Weeks turn into months, and the thunder continues to thunder, and it has to just be something in Frank’s head. He’s lost it. These past years have done too much damage to his valley. Each brown, fallen leaf is damage done to him. Frank is broken, and the thunder thunders on.
He keeps preparing. What else is there to do? Even if he dies a lonely, crazed man, at least he’ll die with a shovel in his hand. At least that damn thunder never let him give up. Push forward. Gotta keep pushing. What else is there to do? Work and keep working and die working with this valley.
BOOOOOOOOOM!!!
WOAH! That was close. Clouds have pushed over the ridge. It’s coming. It’s really coming. Too close. Find shelter. Find shelter. Where do you find shelter in a desert? RUN!
It isn’t so easy to run when you’re shriveled with age before your time. Dehydrated. Exhausted. Overworked. Dying. Can’t run. BOOOOM! RUN!

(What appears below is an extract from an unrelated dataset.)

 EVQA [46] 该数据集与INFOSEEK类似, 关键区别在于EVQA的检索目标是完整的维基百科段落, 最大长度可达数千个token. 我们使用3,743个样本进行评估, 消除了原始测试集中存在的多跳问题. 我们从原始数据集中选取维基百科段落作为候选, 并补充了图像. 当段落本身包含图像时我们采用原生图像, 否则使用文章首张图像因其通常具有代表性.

Run, run, run. When did he see the clouds first? A couple hours maybe. They haven’t moved much. No, it’s been a week at least. At least. Maybe a month. Rain should be here within the hour. Should have been here last Tuesday. Should have been here last June. Rain will be here soon. Won’t take long now. BOOM! RUN! Don’t die in a storm, Frankie. Not now. Not now. Come too far. RUN!
The rain holds off and a man who would have collapsed days ago pushes on with supernatural endurance, death already in the bones and the skin and the eyes. Keep hearing the thunder, though. Clear as day. The day is still clear. Not more than a little darkness over the ridge in the west, and the rest is still clear. Clear with noon heat.
BOOOOM!
Frank doesn’t believe it and doesn’t care and can’t do much more the prepare even if he could move. Stay here a while. Nice little overhang with these roots and what’s left of the branches. Almost dark. Almost cool. Stay here.
Frank dreams of rain. The thunder still booms, but is softened by the incessant curtain of water falling from the sky. The thunder still booms, but there is a din underneath. A din. White noise. Discordant noise. Discord. Tunes. Tuning. Tuning strings. The woods. The winds. BOOM! Across the valley. There’s an orchestra in the air. A symphony in a gale.
Frank wakes punching hard the bark in front of him and doubles over with gut-wrenching pain. The symphony came to him through the air, through the mists, in a view of the joy that he had as a child. The beauty came to him in a dream. Only dreams anymore. It’s a tease, unreal, and the joy is seeping out of torn knuckles. The pain doubles in his stomach when he wakes in his dead valley, when he realizes where he is and where he is not and what he lost somewhere along the way.
On his knees out of a dream, he hasn’t looked to see if the clouds have come farther. Why would they? They haven’t for months. But then again, there’s a coolness, maybe. There’s a hum to the west, he thinks. There might be thunder directly over him. The rain may come at last. Frank might have felt just one cool drop on his back.
It’s hard to tell in this state. Who can tell in a state like this?
But what more do you need than a promise? Frank was promised rain. Regardless of today’s delusion, the rain is coming because it was promised.